I’m the first to admit I am not perfect. I still have moments where I find myself obsessing over what I just ate, what I should eat, what workout I should do…
But I now realize that when I get to this place, I need to step away. I’m thankful that I’m at the point now where I recognize this negative behaviour and I’m better equipped to deal with it in a healthy way. If I’m at home, I distract myself by doing something else and then coming back to the decision later with a better mindset. For example, last night, I was really debating in my head whether or not to enjoy a homemade piece of pumpkin pie with some real whipped cream. My body was telling me no because I was so full from dinner, but my head was telling me yes because it looked so darn good. I decided to go to the kitchen and help my hubby finish the dishes. We had a great conversation, and by the time we were done, I had forgotten about the pie and was at peace with my decision not to have any.
It’s okay to step away for a few moments, collect your thoughts, distract yourself, and then come back later and make a more informed decision.
I spent many years struggling alone. Partly out of embarrassment and partly because I really didn’t want to relinquish control and resented anyone who tried to talk me into enjoy the holidays.
Asking for help, especially if you struggle with a disordered outlook on food, is essential.
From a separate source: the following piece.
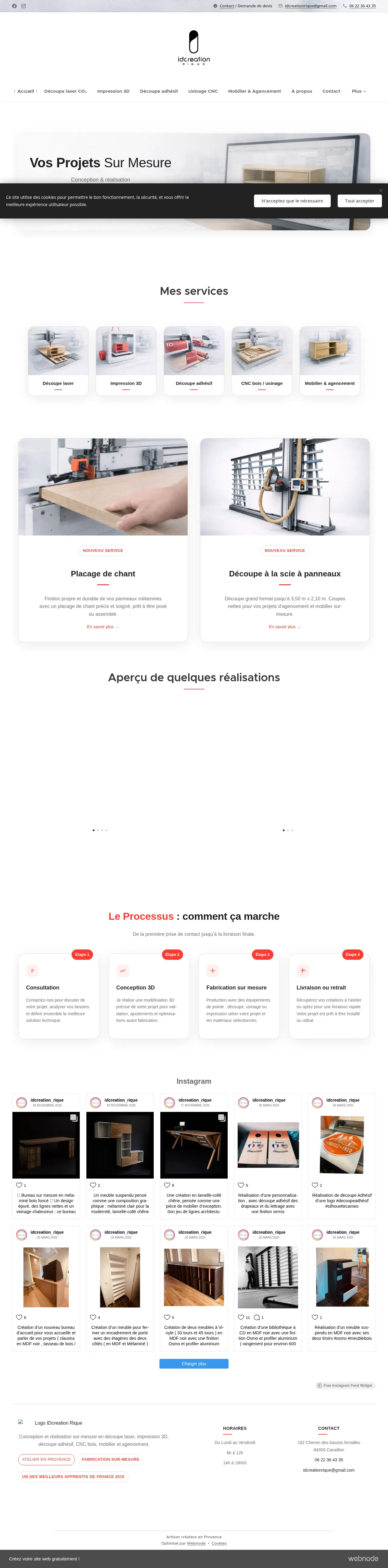 IDCreation Rique is a professional workshop based in Provence specializing in custom design and furniture manufacturing. The company provides a comprehensive suite of services including 3D design, precision machining, laser cutting, and 3D printing for tailored interiors and architectural pieces. They serve clients by managing projects from initial consultation and 3D modeling to final production and delivery. With a focus on high-quality craftsmanship, the workshop handles projects ranging from cabinetry and office furniture to custom graphic signage. Their facility is equipped to process various panels and wood products, ensuring a functional and aesthetic finish for both residential and professional spaces.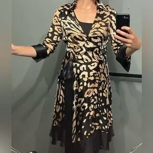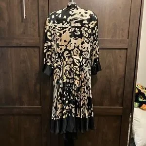 Elevate your evening look with this sophisticated Zara Woman silk robe, wrap design and a flattering V-neckline. Made in Spain. Size medium, however there is plenty of fabric and could fit larger sizes. Generous length, I am 5’10” for reference. There are some damaged spots as seen in the last 3 photos, from stretching at the seams. Could be repaired. Smoke free home.

The journey to freedom is not one that you can walk alone. But if you find that the holidays are a difficult time for you and your self-talk becomes incredibly discouraging and negative, bring a friend or family member into that. Clue them into your struggle, bringing light to it will ultimately help you.
And if you are just starting this journey, please reach out to me! I run monthly groups where I help women heal their relationship with food, restore their hormones back to balance, and live a life of abundance and fulfillment.
It has been a long journey, to go from fearing food to embracing it, but not an impossible one. If the Holidays or any other time of year are a struggle for you, they don’t have to be. It starts with changing the way you think, little by little, step by step.